Surely the world, things, people are constantly evolving. The teacher’s description of hell, Luther’s words on Jews don’t make sense in the vocabulary in use today.

In the first reading at Mass tomorrow we read how “God fashioned man of dust from the soil” (Genesis 2: 7), and in the Gospel (Matthew 4:1 - 11) we are given an account of how the devil tempts Jesus having “fasted for forty days and forty nights”.

The devil suggests to Jesus that he turn stones into loaves.

Again, if someone comes to us and tells us in similar terms that the devil is leading them by the hand we would suggest they get psychiatric help.

Of course, there are religious people who are helped and touched by extraordinary events but I think it’s fair to say that for most of us we live out our faith in the everyday, the hum-and-drum of the ordinary. It’s in that world, in that “ordinariness” that we must see and experience the God of Genesis, the God of the New Testament, the God of the time of Luther. But all the time finding God in the world of the now.

I trust it’s not arrogant to say, but it is a nonsense to go searching for God in times that are gone.

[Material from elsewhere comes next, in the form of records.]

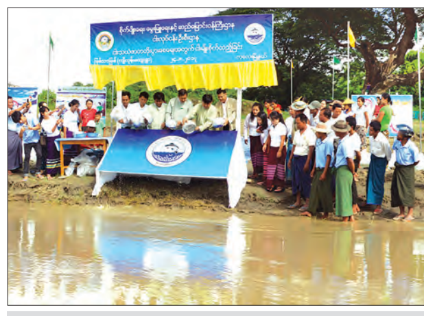
စိုက်ပျိုးရေး၊ မွေးမြူရေးနှင့် ဆည်မြောင်းဝန်ကြီးဌာန ကလေးခရိုင်ငါးလုပ်ငန်းဦးစီး ဌာနမှ သဘာဝရေပြင်အတွင်း လျော့နည်းသွားသောငါးမျိုးများကို တစ်ဖက်တစ်လမ်းမှ ဖြည့်ဆည်းပေးရန်နှင့် ငါးသယ်ဇာတများတိုးပွားလာစေရန် ရည်ရွယ်၍ ဩဂုတ် ၂၄ ရက်က ကျီးကုန်းကျေးရွာအနီးဖြစ်သောမြစ်အတွင်းသို့ ငါးမျိုးစိတ်များ စိုက်ထည့်နေစဉ် ဂျူနိုင်း

ရန်ကုန်မြို့တစ်ဝက်ကမ်းရှိ ဒလမြို့မှ ဧရာဝတီတိုင်းဒေသကြီးအတွင်း ဘိုကလေး မြို့အထိ ကားလမ်းခရီး ၇၉ မိုင်ခန့်ရှိပြီး အဆိုပါကားလမ်းသည် မိုးမကျခင်က ကား လမ်းကောင်းမွန်ခဲ့သော်လည်း ယခုအခါ မိုးလယ်ကာလတွင်တစ်နေ့လျှင်ခရီးသည် တင်ကားကြီး၊ ကားလေးအစီးရေ ၅၀၀ ခန့်နှင့် ကုန်တင်ကား ၇၅ စီးတို့တို့ အသွား အပြန်မောင်းနှင်မှုတို့ကြောင့် ကွမ်းခြံကုန်းမြို့နယ်အတွင်းရှိ တော်ခရမ်းလေး ကျေးရွာ အဝင်မှကျေးရွာအထွက် လေးမိုင်ခန့်မှာ ချိုင့်များစွာဖြင့်ရှောင်တိမ်းမရအောင် ပျက်စီးလျက်ရှိပါသည်။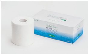
2021年3月期の贈呈商品例

毎年3月31日(当社期末)最終の株主名簿に記載または記録された1単元(100株)以上保有の株主さまといたします。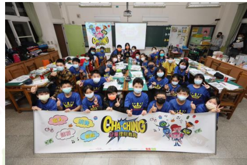
新北板橋國小大合照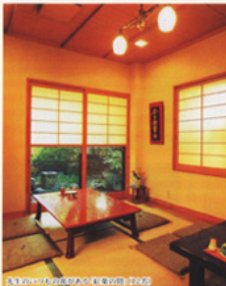
人気のいつもの席がある「紅葉の間」2F2F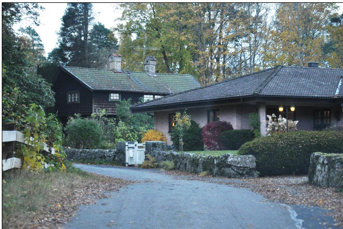
Villan från 1980-talet på en äldre tomt.

Fastigheten är belägen i den norra delen av Bocköhalvön med strandtomt och utsikt över Västra Nedsjön. Tomten är försedd med terrasseringar som sannolikt har tillkommit under 1910 -20-talet och här finns rester av en mindre stenbrygga. Strandskoningen är utförd i skiff-rad gnejs. Tomten bär idag prägel av en modern villatomt med gräsmatta och enstaka större träd. Fastigheten kantas mot Bockövågen av en låg stenmur.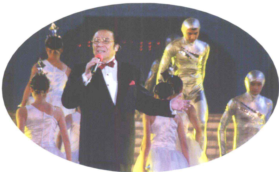
著名男中音歌唱家杨洪基在“天地人和”主题晚会上演唱歌曲《天上有颗鹿邑星》

In this paper last Saturday Diarmaid Ferriter quoted journalist AA Gill talking about that “most pernicious and debilitating Little English drug, Nostalgia”. Ferriter was writing about a comment Boris Johnson made. But that same “nostalgia” surely is also just that, when it comes to religion and churches – “a most pernicious and debilitating drug”.

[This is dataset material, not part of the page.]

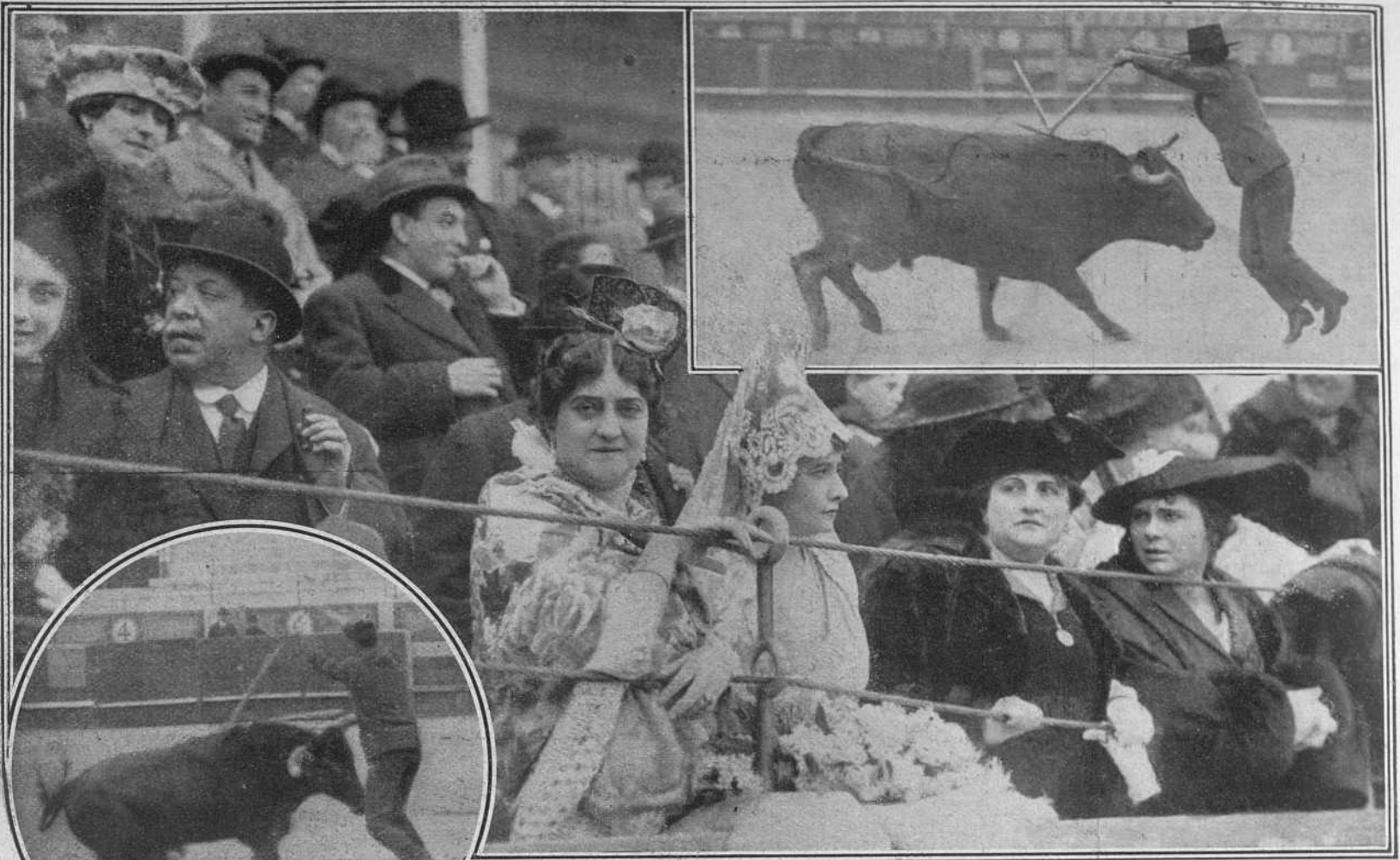
Un aspecto de un tendido de la fiesta celebrada el sábado.

We always must use and speak the language of the day when we want to give sense and meaning to God. That’s not to say we have banished evil. Look at the carnage that is taking place in our world: one billion people without enough to eat, while global military spending runs at approximately $1.7 trillion. We know for sure there is hell on earth. Nothing nostalgic about that.

It’s in that context, the world of the now, in all its various facets, that we experience God.

Our faith in a loving and good God offers us an affirmative response in the face of evil. Christian hope gives us confidence of success.